慌てて振り返り、己と同じように立ち去りかけていた彼を慌てて呼び止める。
「あっ、あのっっ!ちょっと待ってください!!」
「はい、どうかしましたか?」
すると彼は足を止め、肩越しに振り返ったから、詩紋は慌てて彼の側へと駆け寄った。
「すみません、引き止めたりして……」
「いいえ、それよりもなんでしょう?」
物問いたげに首を傾げる彼の眼差しに、なんとなく目を逸らし。
「あの……貴方の名前、教えていただけないでしょうか?」
「名前?」
「えっと、まだお聞きしていなかったと思い出して……」
駄目でしょうかと問えば、彼の目は丸く変わる。
 傷を手当てしてもらって、ほんのちょびっと親しく口をきいただけで、すっかり互いに知り合って仲良くなったつもりでいた。
だけど別れ際になって、互いの名前すら知らないままなのだという事に気付いたのだ。
「ああ、そう言われてみれば確かに。
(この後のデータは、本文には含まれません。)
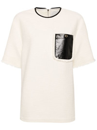 fringe tweed T-shirt Highlights - Ivory white - Cotton - Tweed - Fringe detailing - Side press-stud fastening - Rear zip fastening - Button-fastening chest pocket - Short sleeves - Straight hem Imported Composition Cotton 100%, Polyester 100%
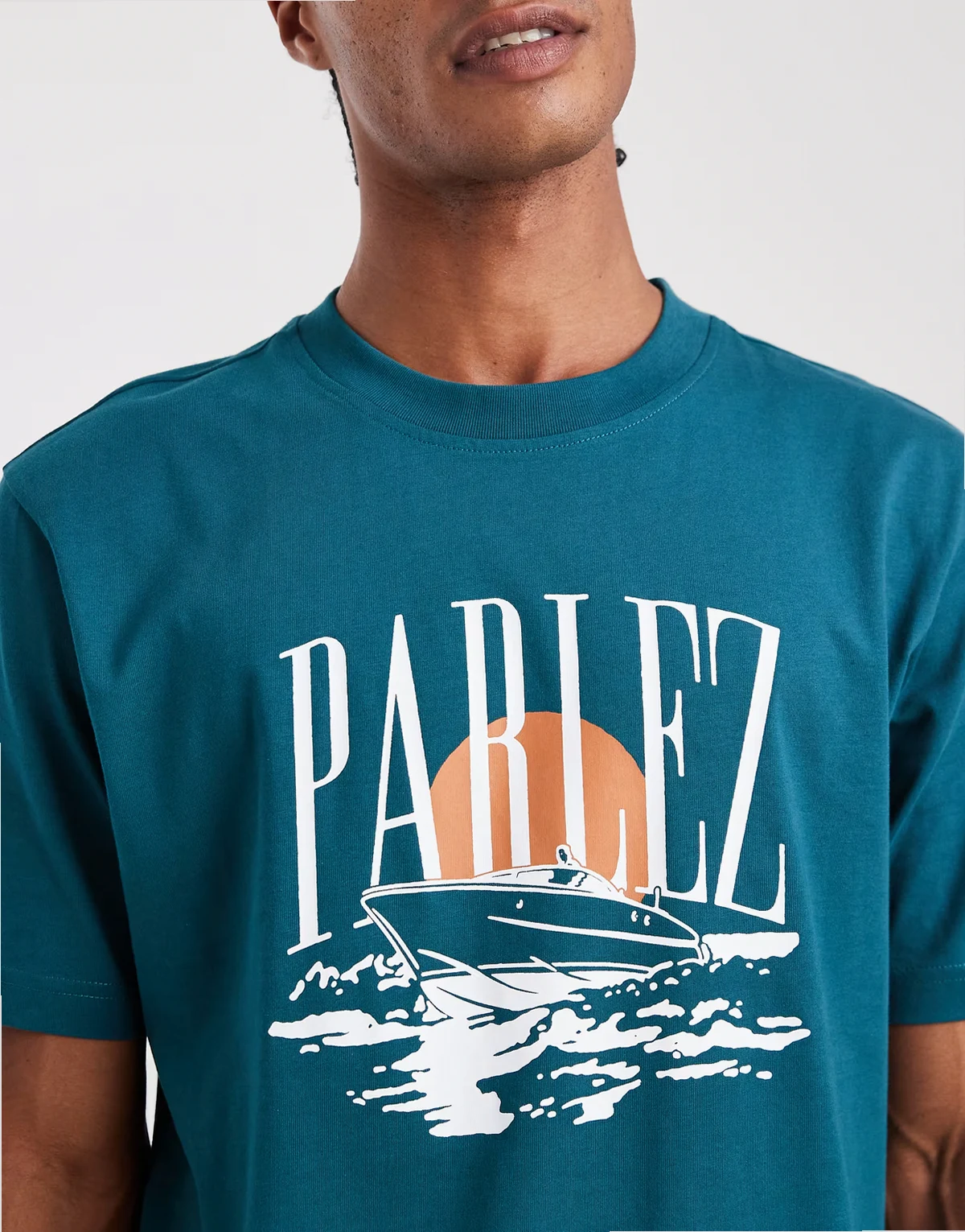 Siebgedruckte Bootsgrafik und „Parlez“-Logo auf der Vorderseite

もうすっかり君の事を知ったつもりでいたのに……迂闊でした」
 薄く苦笑する彼の目をまっすぐに見据え、詩紋はまず、自分の名前から名乗る事にする。
「僕は流山詩紋と言います。―――貴方は?」
「僕、ですか……」
彼はしばし思案するように、黙り込む。
躊躇う素振りを見せつつ、しかし薄く目を細め、口を開き。
「僕はむ…………藤原、弁慶と言います」
「藤原……弁慶さん、ですか?あの牛若丸の家来の弁慶とおんなじ??」
「ええ」
 首を傾げながら問い返すと、彼はにこやかなまま深々と頷く。
弁慶だなんて変わった名前なんだなと思いつつ、それでも彼が嘘をついてる風には見えない。
詩紋は上目遣いで彼を見上げ、おそるおそるその名を口に上らせてみた。
「えっと……弁慶さん?」
「はい、詩紋くん」
すると彼もまた名を呼び返してくれる。
そんな事が、何故だかとても嬉しい。
名前を知る前よりも、ずっと仲良しになったような、そんな心地がする。
 ほっこりとした気持ちで、詩紋は笑み崩れ。
「僕、弁慶さんと会えて、本当に良かったです」
もう一度、心の底からそう告げた。

 

 また今度、会ってくれますかと訊くと、彼は笑って頷いて同意してくれた。
嬉しくて別れ際、手を振ってみせれば、彼も小さく振り返してくれた。
そんな小さな事がとても嬉しい。
 再び家路へ就くが、心は随分と軽やかだった。
あたりはもう真っ暗で、擦りむいた膝小僧はじんじんと痛むけれど、それでも気持ちは弾んでいた。
 あの人から教えてもらった携帯ナンバーを書いたメモは胸ポケットの中。
だけど空で言えるくらい、はっきりと記憶している。
いつでもかけてきていいですよと彼は言ってくれたけれど、今日すぐというのはさすがに気がひける。
明日ならばいいだろう、明日の夕方に絶対電話しよう。
手当てのお礼も言いたいし、それになによりただ会いたい。
自分と似た面差しを持つ、親切な優しい人に。


 頬に当たる晩秋の夜風は、ひんやりと冷たい。
潜む冬の気配に小さく身震いしながら、それでも心の中はあったかなまま。
とてもとても幸福な気分のままに、詩紋はにっこりと微笑んだ。

 


偶然なのか、運命なのかなんて分からないけど。
それでもやっぱり、貴方に会えて本当に良かった。

【おわり】




つーぎは頼久×銀かなー。
本来は九郎×勝真の筈なのですが、ネタが出ない。
頼久×銀はアホで!
何処までも果てしなくアホでいきたいです。